■ AVAILABLE DATA ■
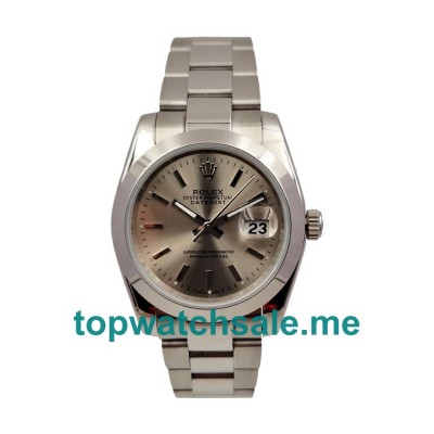 High quality replica Rolex Datejust watches are designed with 31mm in diameter for men and women, and the UK top fake watches are featured with gray dials.
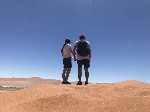早餐后离开直接去了45号沙丘,顶着大中午的阳光,背着食物喝水。不过45号沙丘是可以开到山脚下的,难度很低,八蛋恐高。后半程完全都是九蛋给拉着上去的,还得一路安抚,顺带一路探讨为什么昨天没有恐高,还能很high的尝试滚下去的感觉。
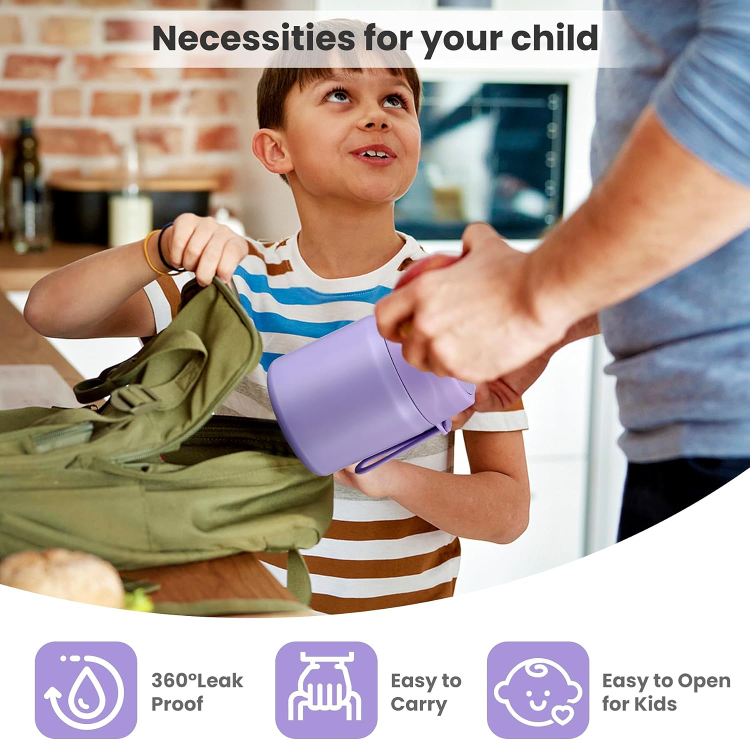 - Leak-Proof Design: Featuring an upgraded double-layer silicone seal that provides a 360° leak-proof guarantee. Rest assured that our leak-proof thermo food jar can fit in your lunch bag without worrying about spills. The insulated thermal food jar comes with a stainless steel spoon for your child's convenience.
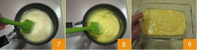 Transfer the mixture back into the saucepan and place it on the heat. Continue stirring with a spatula 7 until the custard thickens 8. At this point, transfer it to a bowl, cover with cling film in contact with the surface 9, and let it cool completely.
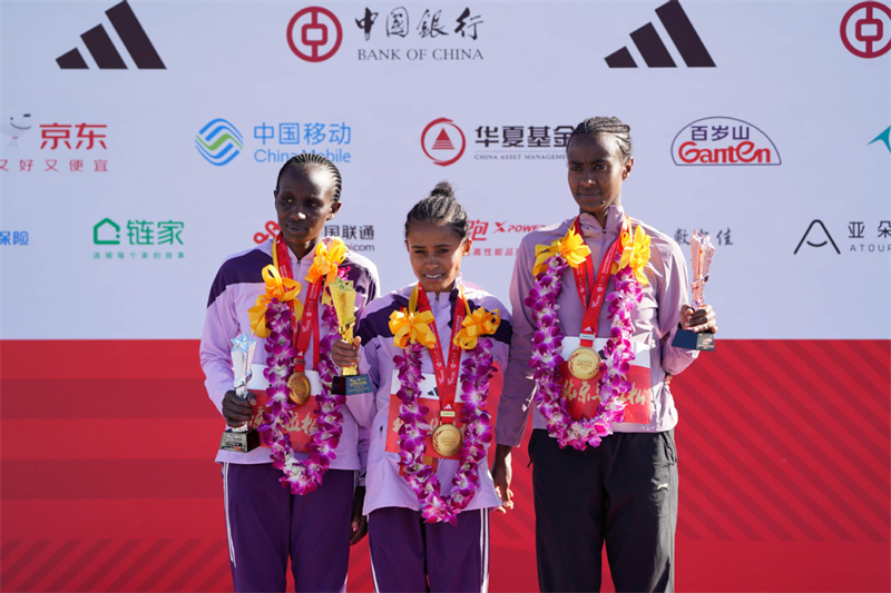 A primeira colocada, Anchinalu Dessie Genaneh (C), da Etiópia, posa com a segunda colocada Marion Jepkonga Kibor (L), do Quênia, e a terceira colocada Kuftu Tahir Dadiso, da Etiópia durante a cerimônia de premiação da maratona feminina na Maratona de Beijing 2025, 2 de novembro de 2025. [Foto/Xinhua]
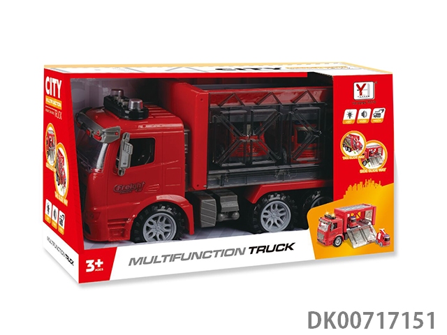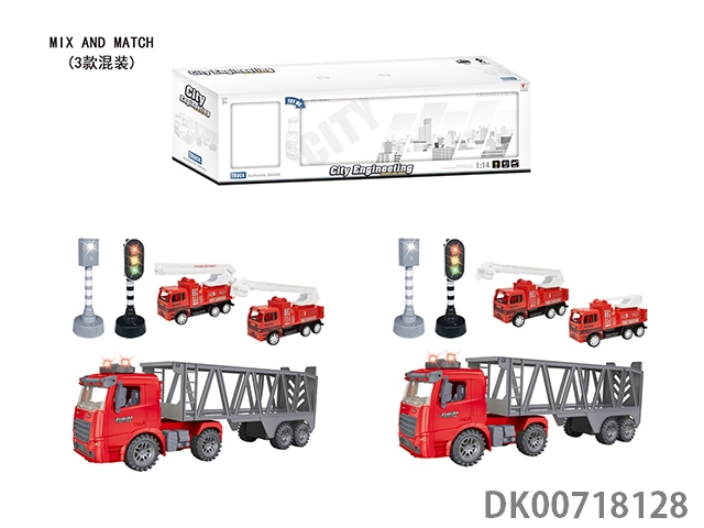 惯性消防拖头车拼盒装(带灯光音乐)包7粒AG13电池
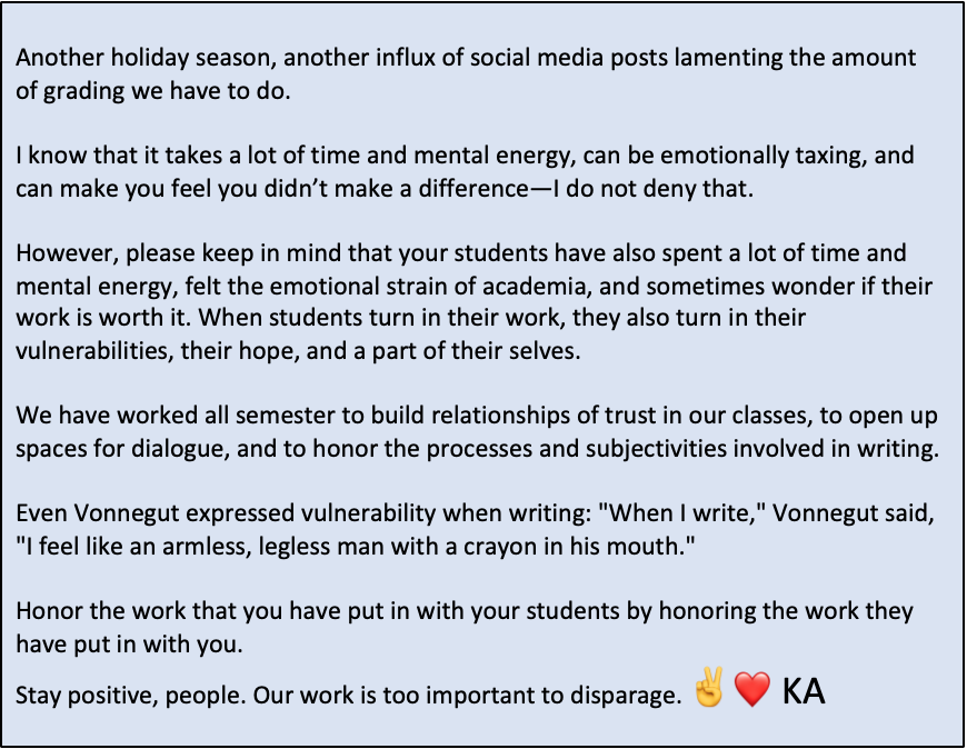 Posts Feeling the Grade Feeling the Grade Warning: Sanctimonious-seeming, but genuinely-feeling post to follow… Share this: Click to share on X (Opens in new window) X Click to share on Facebook (Opens in new window) Facebook Like Loading... Related
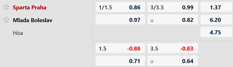 Giới chuyên gia đưa ra mức chấp cao 0:1 1/2 cho Sparta Prague là hoàn toàn hợp lý nếu xét đến sự vượt trội trong đối đầu cũng như yếu tố sân bãi. Việc đội chủ nhà toàn thắng trong cả 4 lần gần nhất tiếp đón Mlada Boleslav là minh chứng rõ rệt cho niềm tin mà giới mộ điệu dành cho họ.
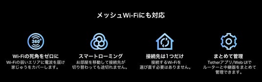 ・ EasyMesh*8:EasyMesh対応ルーターや中継器と連携させることで手軽にメッシュ化を実現
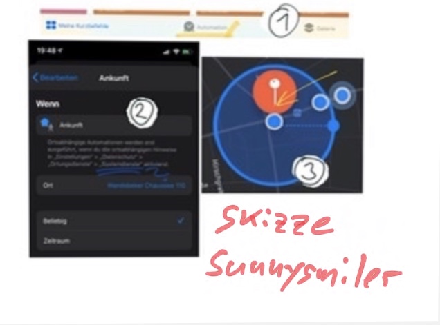 Ühttps://apps.apple.com/de/app/kurzbefehle/id1462947752kann kann man „Automation“(1) wählen, dort z.B. das Betreten eines festgelegten Bereiches(2) als Auslöser definieren ... und dann z.B. das Gerät vibrieren lassen. Hierdurch hätte wie hier erhofft ein lokal sensibler Alarm eingestellt werden können. In meinem Testlauf ist es jedoch an keinem der drei Punkte* zu einer Reaktion „vibrieren“ gekommen.
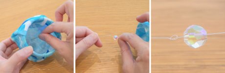 テグスが抜けないように、内側からビーズを通し結び目を作り固定します。
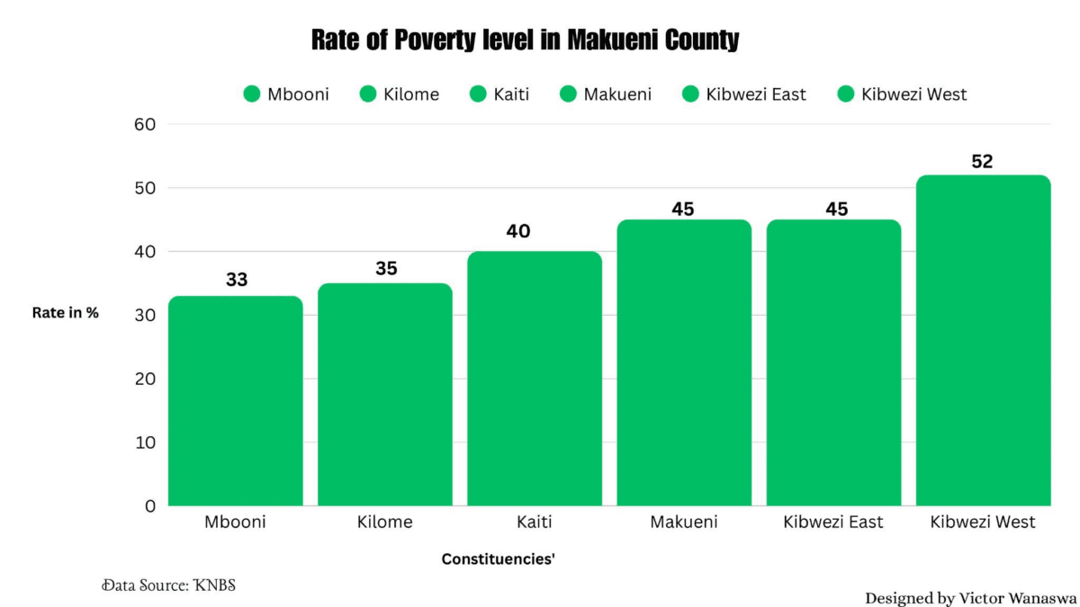 Approximately 44.7% of the population in Makueni County lives below the national poverty line, according to 2022 data from the Kenya National Bureau of Statistics. Poverty continues to intersect with teenage pregnancy, increasing vulnerability to exploitation and limiting access to education and health services.
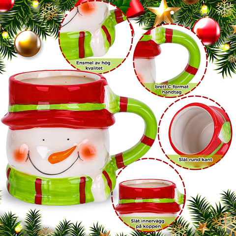 âïžEach muggen Ă€r dekorerad med vackra mönster, inklusive söta julelement som Ă€lg, jultomte, snögubbe och pingvin. Dessa mönster Ă€r detaljerade och fĂ€rgglada och ger dig en glad och festlig semesteratmosfĂ€r.
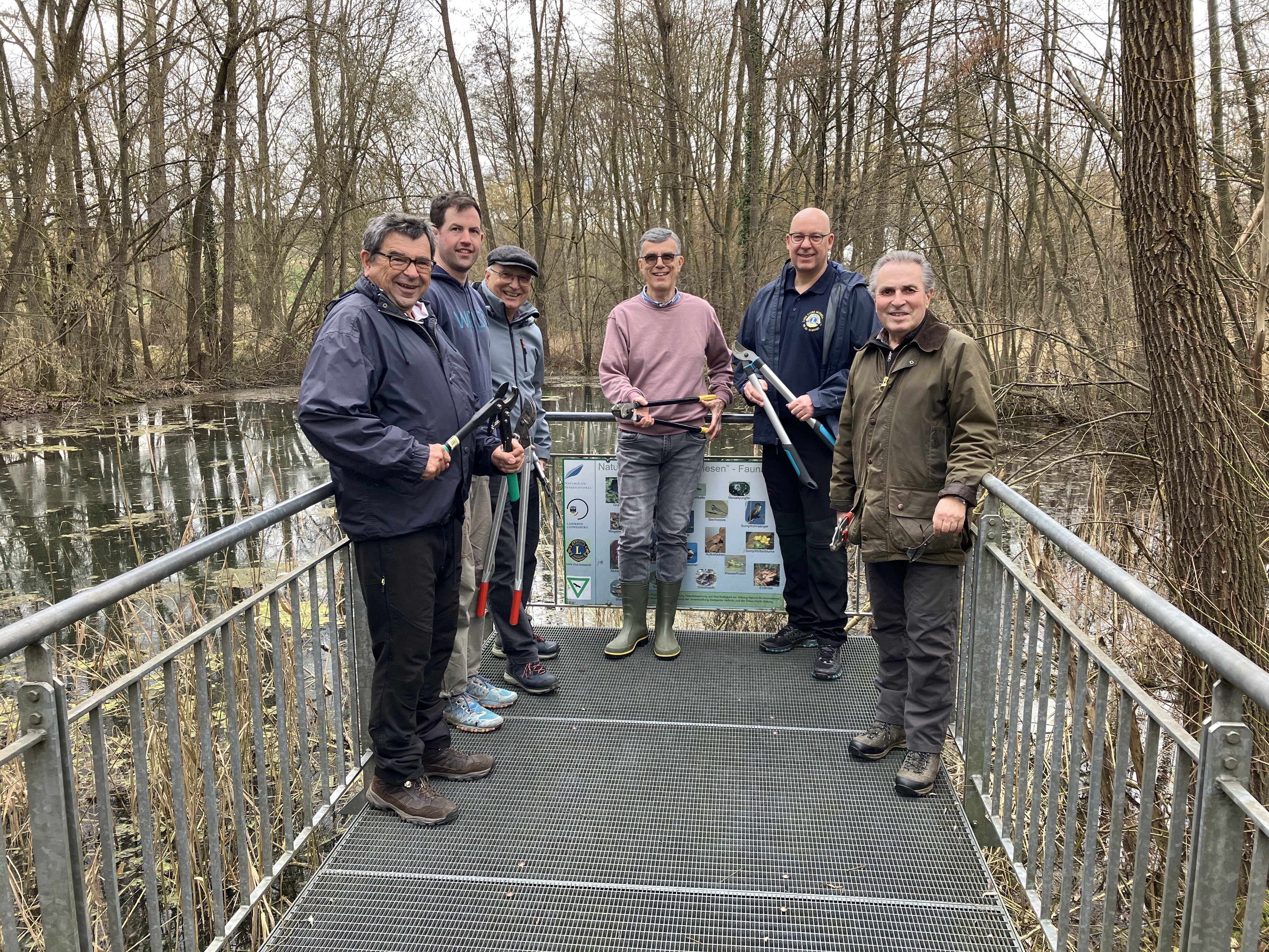 Rechtzeitig, bevor „im Märzen der Bauer die Rösslein einspannt“ und die Natur an der Bottwar zu neuem Leben erwacht, haben Mitglieder des Lions Clubs Bottwartal bei einer Baumschnittaktion aktiv Hand angelegt. Die mit Unterstützung der Lions entstandene Baumreihe entlang des Rad-Wander- und Spazierweges in der Bottwar-Aue zwischen Groß- und Kleinbottwar sollte fit für das beginnende Frühjahr gemacht werden. Dazu trafen sich Mitglieder des Clubs, bewaffnet mit Gartenscheren, Baumschneidern und Handsägen, zu einem Arbeitseinsatz am letzten Februarsamstag rund um das bekannte Wasserbüffel-Gehege. Der Einsatz wurde von den beiden Umweltbeauftragten des Clubs, Claus-Peter Hutter und Manuel Rohland, fachmännisch angeleitet. „Die Februarwochen sind das richtige Zeitfenster für eine Auslichtungskur an den Gehölzen, die mit Lions-Hilfe hier gepflanzt wurden“, weiß Claus-Peter Hutter. Und Manuel Rohland ergänzt: „Die Bäume brauchen regelmäßige Pflegeschnitte, damit sie nach der Winterpause gesund weiterwachsen können.“

■ AIM OF THE EXERCISE ■
Since the pictures are not part of the copy, please transcribe only the lines above from the one with "Approximately 44.7% of" through the one with "âïžEach muggen Ă€r", exactly and with both ends.

■ PROBLEM SOLUTION ■
 Approximately 44.7% of the population in Makueni County lives below the national poverty line, according to 2022 data from the Kenya National Bureau of Statistics. Poverty continues to intersect with teenage pregnancy, increasing vulnerability to exploitation and limiting access to education and health services.
 âïžEach muggen Ă€r dekorerad med vackra mönster, inklusive söta julelement som Ă€lg, jultomte, snögubbe och pingvin. Dessa mönster Ă€r detaljerade och fĂ€rgglada och ger dig en glad och festlig semesteratmosfĂ€r.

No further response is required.